# 1st time meth user



## nothing-leaves-stock (Mar 1, 2005)

so, we never used it before. but want to use it on the track for cooling.

we built a R32 turbo for race course. we want to spray to cool intake temps/knock etc. mostly looking to use a light spray for cooling when we are on full boost on long starights.

i know we are a shop and we should know but i need info from people that have used it before. always better to ask before doing something stupid.

-what % mix should we use?
-what size nozzle should we use?

thanks guys:beer:


----------



## MasterNele03 (May 27, 2008)

nothing-leaves-stock said:


> so, we never used it before. but want to use it on the track for cooling.
> 
> we built a R32 turbo for race course. we want to spray to cool intake temps/knock etc. mostly looking to use a light spray for cooling when we are on full boost on long starights.
> 
> ...


The mix depends on what your shooting for.

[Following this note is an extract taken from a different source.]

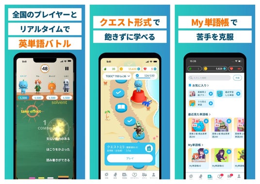 高校受験コース、大学受験コース、英検(R)コース、TOEIC(R)コースの全4コース、合計11,300語を収録しており、旅行や日常で使うレベルの英単語から、資格試験、留学、ビジネスで使う高難度の英単語まで全てを網羅しています。音声読み上げ機能もあり、発音も覚えることができます。高校生向けの大学受験コースだけではなく、TOEIC(R)コースや英検(R)コースなど、他コースで獲得したBPも大会で活用できますので、卒業生の方も安心して参加いただけます。

It seems like you more want the cooling effect not the higher octane boost. Honestly like the majority of people that run it on here 50/50 is the "best of both worlds". The water is what retains the heat and the alcohol is the octane bump so you can adjust your mix accordingly.

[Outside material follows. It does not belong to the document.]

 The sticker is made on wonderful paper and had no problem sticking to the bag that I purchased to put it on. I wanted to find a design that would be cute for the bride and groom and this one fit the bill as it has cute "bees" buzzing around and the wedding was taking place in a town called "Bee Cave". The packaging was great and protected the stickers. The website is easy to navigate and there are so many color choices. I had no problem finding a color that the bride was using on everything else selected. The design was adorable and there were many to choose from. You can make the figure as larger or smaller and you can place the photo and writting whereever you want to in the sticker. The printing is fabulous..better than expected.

Here's a link to a nozzle calculator on the Devil's Own forum on their webiste:

http://www.alcohol-injection.com/fo...lator/alcohol-nozzle-size-calculator-351.html

Any other questions I'll hover around and there's quite a few others here that know much more than I but that should help you. :thumbup:


----------



## Gtiupb2002 (Jun 4, 2007)

MasterNele03 said:


> The mix depends on what your shooting for. It seems like you more want the cooling effect not the higher octane boost. Honestly like the majority of people that run it on here 50/50 is the "best of both worlds". The water is what retains the heat and the alcohol is the octane bump so you can adjust your mix accordingly.
> 
> Here's a link to a nozzle calculator on the Devil's Own forum on their webiste:
> 
> ...


actually from my understanding meth also has cooling characteristics. 50/50 would probably be best maybe 40/60. place it before your iat (I'm sure you know this) that way you sensor will actually register the cooler temps.


----------



## NorthernGTI (Oct 26, 2005)

I dont see why you wouldn't want a higher octane in a race car. 50/50 mix would be the best for you. As far as nozzles, I dont see you needing a bigger one then the one that comes with any kit.


----------



## scott66 (Jul 5, 2003)

There is a ton of information out there on the internet that would answer most of all of your questions.

If you are looking to do this yourself and not with some kit, here is a decent website on "how to."

http://www.turbomirage.com/water.html


----------